▸ **Goal of the exercise**:
All lines below between the line with "随后,学院与琅勃拉邦省教育与" and the line with "Vertical space is", including both, must be copied exactly, and the pictures must be omitted.

▸ **Data supplied**:
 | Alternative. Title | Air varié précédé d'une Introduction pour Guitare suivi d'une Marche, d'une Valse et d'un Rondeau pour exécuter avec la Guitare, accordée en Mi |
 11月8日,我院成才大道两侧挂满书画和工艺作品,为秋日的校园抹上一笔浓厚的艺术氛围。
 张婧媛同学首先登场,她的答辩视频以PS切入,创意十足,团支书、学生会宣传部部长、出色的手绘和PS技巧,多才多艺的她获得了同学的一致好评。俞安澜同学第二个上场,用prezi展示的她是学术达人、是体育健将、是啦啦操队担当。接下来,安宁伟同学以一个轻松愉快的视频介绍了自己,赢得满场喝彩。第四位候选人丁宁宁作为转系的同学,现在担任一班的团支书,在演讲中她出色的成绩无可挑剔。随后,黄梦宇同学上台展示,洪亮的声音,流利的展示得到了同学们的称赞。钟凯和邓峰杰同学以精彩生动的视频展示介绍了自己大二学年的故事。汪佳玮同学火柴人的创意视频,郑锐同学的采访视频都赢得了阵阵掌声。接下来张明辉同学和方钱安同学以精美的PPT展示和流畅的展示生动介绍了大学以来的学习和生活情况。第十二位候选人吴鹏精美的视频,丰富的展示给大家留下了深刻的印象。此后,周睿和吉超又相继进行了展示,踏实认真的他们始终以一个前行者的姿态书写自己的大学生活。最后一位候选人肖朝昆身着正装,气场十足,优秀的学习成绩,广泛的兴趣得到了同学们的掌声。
...
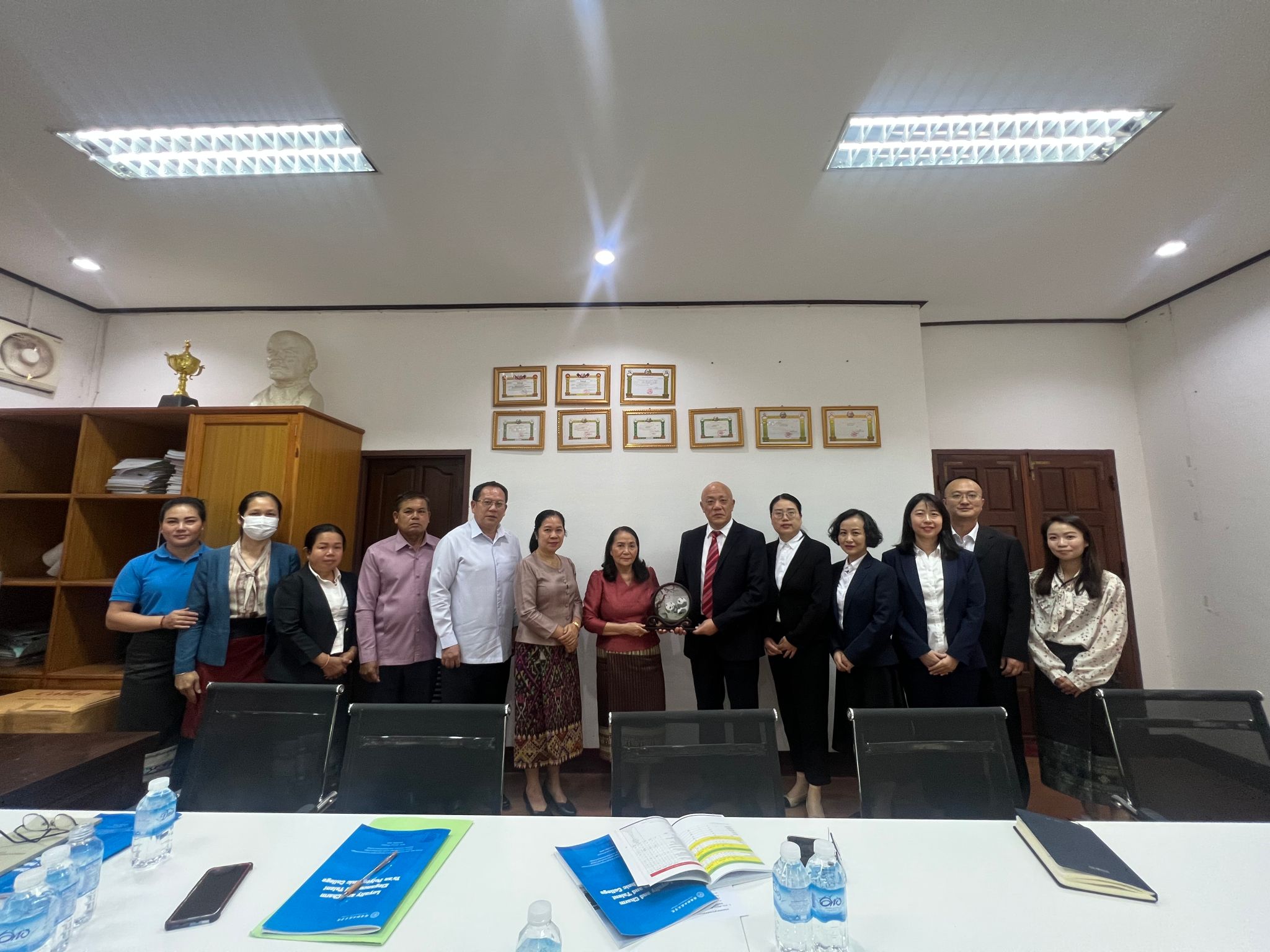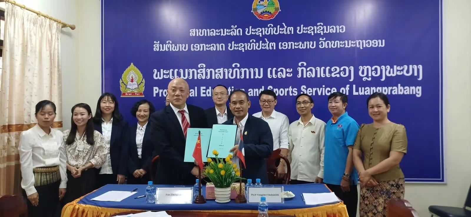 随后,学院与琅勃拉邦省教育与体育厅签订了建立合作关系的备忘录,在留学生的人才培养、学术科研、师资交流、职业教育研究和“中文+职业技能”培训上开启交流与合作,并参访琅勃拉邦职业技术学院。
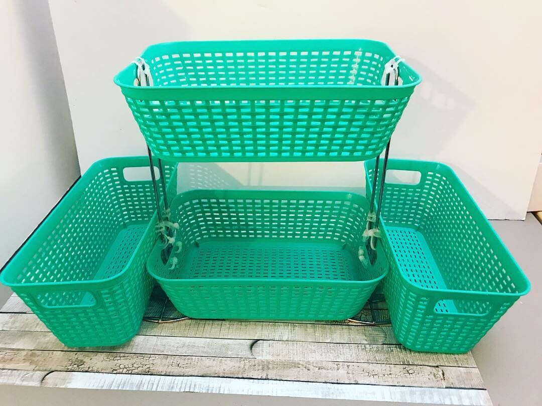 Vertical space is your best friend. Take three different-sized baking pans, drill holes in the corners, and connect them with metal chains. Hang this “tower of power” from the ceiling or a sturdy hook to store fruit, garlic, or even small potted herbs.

▸ **Expected answer**:
 随后,学院与琅勃拉邦省教育与体育厅签订了建立合作关系的备忘录,在留学生的人才培养、学术科研、师资交流、职业教育研究和“中文+职业技能”培训上开启交流与合作,并参访琅勃拉邦职业技术学院。
 Vertical space is your best friend. Take three different-sized baking pans, drill holes in the corners, and connect them with metal chains. Hang this “tower of power” from the ceiling or a sturdy hook to store fruit, garlic, or even small potted herbs.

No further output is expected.